Starting at the first line of the data, please print exactly those lines through the one that holds "イラストレーターの「望月けい", omitting every picture.

══ Dataset entries

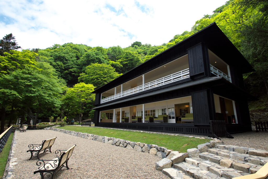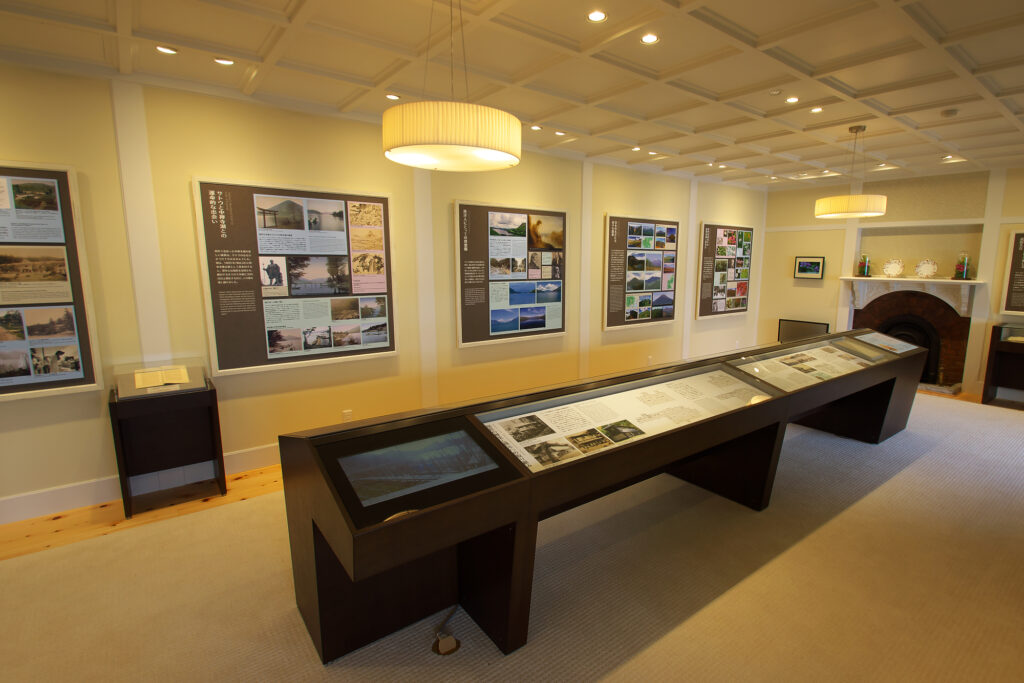 その後、英国大使館別荘として長年使われてきた姿に復元したものです。国際避暑地としての歴史や当時の英国文化について
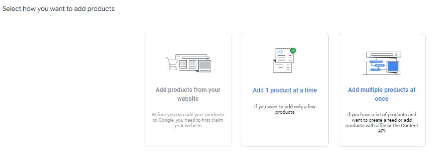 To add your products to your Google Merchant Center, you will have 2 different options as seen below. Depending on the number of product items, you may choose either one to proceed.
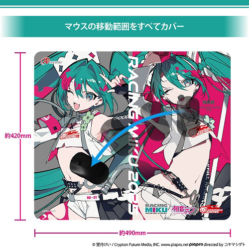 イラストレーターの「望月けい」氏が担当した「レーシングミク 2025Ver.」のイラストを大判サイズのマウスパッドに採用しました。
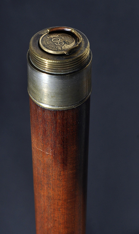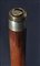 a) Bastone da viaggiatore in noce con puntale in ferro per bloccare le porte dall'interno con inciso "Contr" su anello a ruota dentata svitabile che nasconde un portamonete a molla per i 50 cent francesi
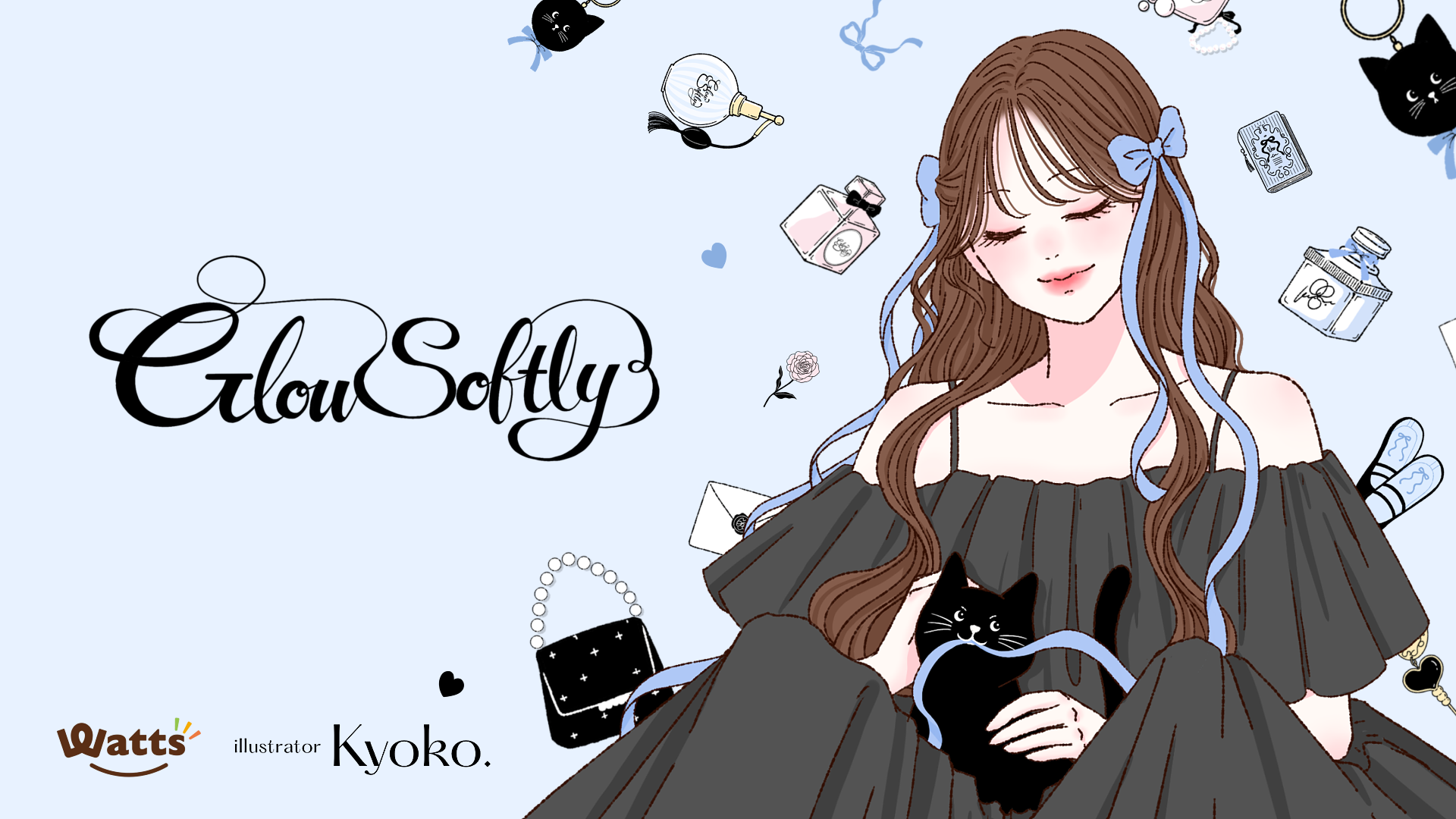 女性らしさや可愛らしさを兼ね備えた女性をコンセプトとした作品で人気のイラストレーター Kyoko. さんと、ワッツが初のコラボレーションを実現いたしました。今回のテーマは “Glow Softly”。
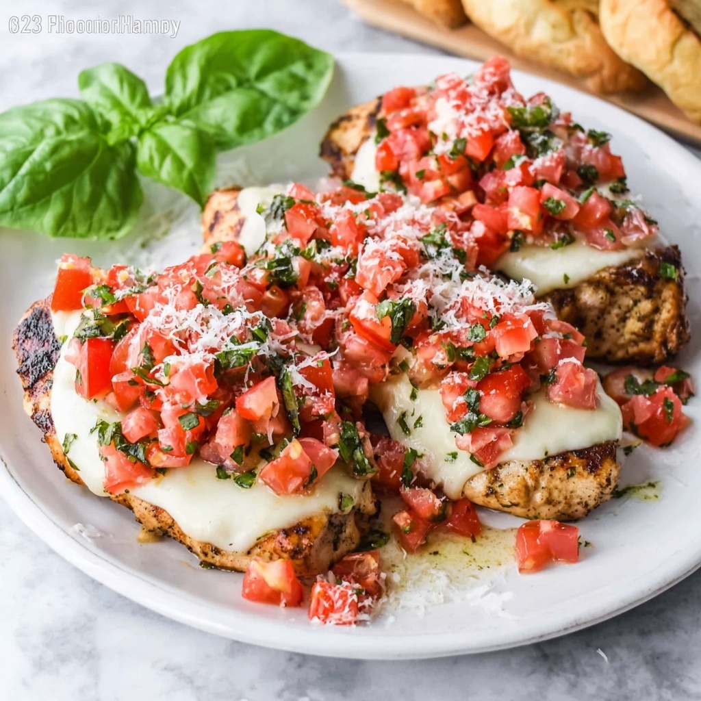 This Bruschetta Chicken recipe features juicy grilled chicken breasts topped with a fresh and vibrant bruschetta mixture of tomatoes, garlic, basil, and balsamic vinegar. Finished with melted mozzarella and a drizzle of balsamic glaze, this dish is a flavorful and elegant meal perfect for any occasion.
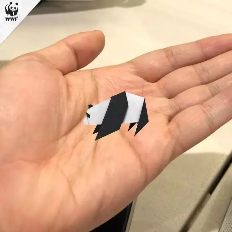 你看我的手就捏着这张虚拟的熊猫折纸呢!
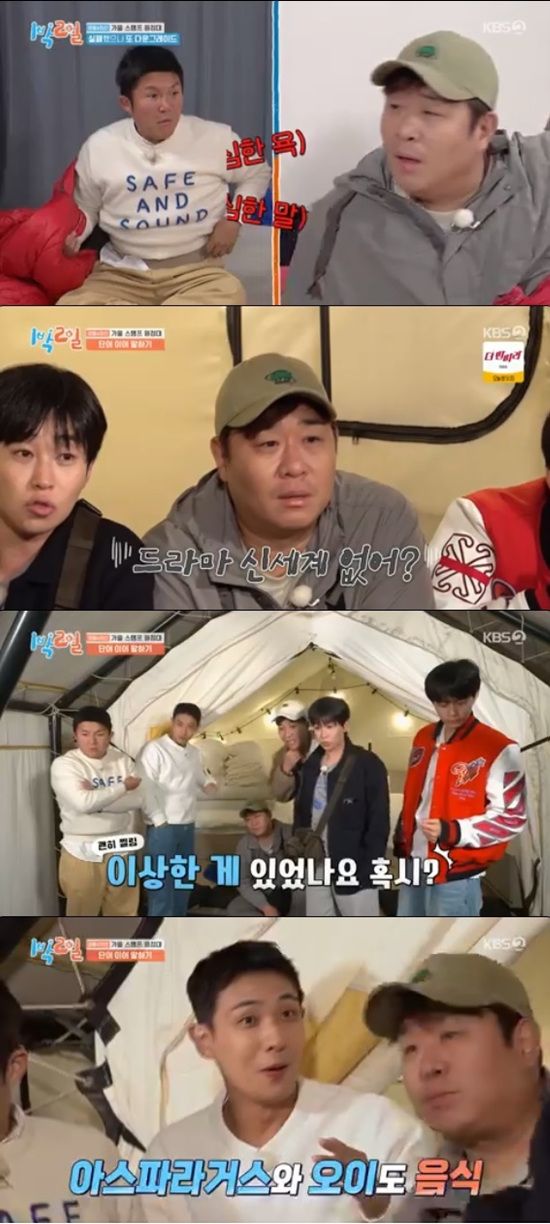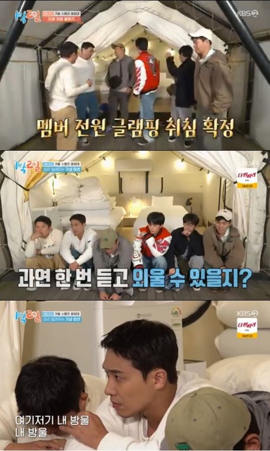 멤버들은 마지막으로 음식 이름 이어말하기에 도전해 성공하며 글램핑 텐트 취침을 확정지었다.

════

| Answer |
 その後、英国大使館別荘として長年使われてきた姿に復元したものです。国際避暑地としての歴史や当時の英国文化について
 To add your products to your Google Merchant Center, you will have 2 different options as seen below. Depending on the number of product items, you may choose either one to proceed.
 イラストレーターの「望月けい」氏が担当した「レーシングミク 2025Ver.」のイラストを大判サイズのマウスパッドに採用しました。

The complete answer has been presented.